Wednesday, December 21, 2011

E-furnshing Form 15A of Income tax Act

Dear friends,


Please find herewith Revised guidelines for e-furnishing Form 15CA.





Form 15CA should be used for furnishing information of remittances in e-mode in accordance with the provisions of section 195 (6) of the Income-tax Act, 1961. The information should be furnished after obtaining a certificate in Form 15CB from an accountant as defined in the Explanation to section 288 of the Income-tax Act, 1961. The print out Form 15CA should be signed and submitted to the Reserve Bank of India/authorized dealer prior to remitting the payment.


The Form should be furnished at the website of the Tax Information Network www.tin-nsdl.com.
Fields marked with (*) are mandatory.


Select the values from the drop down wherever provided.


Each transaction detail should be filled in separately.

Guidelines for Part A of Form 15CA:


Remitter:


Permanent Account Number (PAN) and Tax Deduction and collection Account Number (TAN) allotted by the Income Tax Department should be mentioned. TAN is mandatory in cases where-


tax has been deducted or will be deducted at source;
the remitter has obtained an order under section 195 (2) of the Income-tax Act from the Assessing Officer.


In case an invalid PAN and/or TAN is filled in by the remitter, the Form will not be generated.


In case the remitter does not have a TAN, it is mandatory to quote PAN of the remitter.


PAN of the remitter should invariably be given. However, the same is mandatory if status of entity is Company or Firm. If PAN is not given in such cases, the remitter will not be allowed to generate the Form.


Details in at least two address fields for remitter shoule be mentioned.


Name of the entity should be mentioned in the “Name of remitter” field.


No value is to be provided in Area code, AO type, Range code & AO number.


The fields will be entered by the system after validating the PAN and/or TAN.
Email id and mobile no., if any, should be provided.


Recipient of remittance:


Complete address of recipient of remittance, separated by coma, should be provided.
PAN, allotted by the Indian Income Tax Department should be mentioned.
If status of entity is “company”, then provide type of company i.e., “domestic” or “other than domestic”.
In the field “ Principal Place of Business”, the country of tax residence of the recipient of the remittance should be mentioned.


Information for accountant


Enter name of the Chartered Accountant in the field “Name of the accountant”.


Details in at least two address fields should be mentioned.


Date of certificate should not be a future date.


Registration no. should be numeric.


Details of accountant are not required if point no. 15 is selected i.e. any order u/s 195 (2)/ 195 (3)/ 197 of the Income-tax Act has been obtained from Assessing Officer.


Certificate number is an alphanumeric field.

Guidelines for PART B of the Form (Particulars of Remittance and TDS)


Provide the values as per the accountant certificate obtained in Form 15CB.

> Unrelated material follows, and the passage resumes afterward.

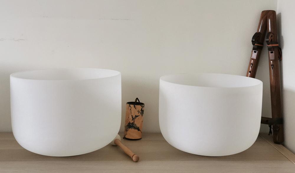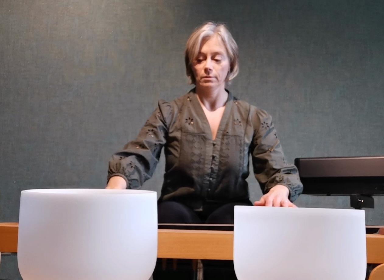 Naast het bespelen van kristallen klankschalen worden er andere instrumenten gebruikt in combinatie met Griet haar stem.

In case name of the country is not available in drop down list, select value “other” from the drop down and provide name of the country.


In case currency name is not available in drop down then select value “other” from the drop down and provide name of the currency.


Proposed date of remittance should be current date or a future date.


Amount of TDS should be less than amount of remittance.


Actual amount of remittance after TDS should be less than amount of remittance.


Select type of the bank:


Indian Bank (Bank of India, Dena Bank, Kotak Mahindra Bank Ltd. etc.)


Foreign Bank (Standard Chartered Bank, HSBC, Citi Bank etc.)


In case of “Indian Bank”, user will be required to provide “Name of the branch” and “BSR code”


In case of “Foreign Bank”, user will be required to provide details of location of bank as below:


Located in India


Located outside India


In case of foreign bank located in India, user will be further required to provide “Name of the branch” and “BSR code”


In case of foreign bank located outside India, user will be further required to provide:


Name of the branch


BSR code (This will be optional)


Code of branch (This will be mandatory)


Rate of TDS as per DTAA (if applicable) should be mentioned upto two decimal places.


Amount should be mentioned upto 2 decimal places.


Select any one out of fields 12, 13, 14 and 16. One form is to be filled for one type of remittance.


Details of “responsible person” should be mentioned for verification.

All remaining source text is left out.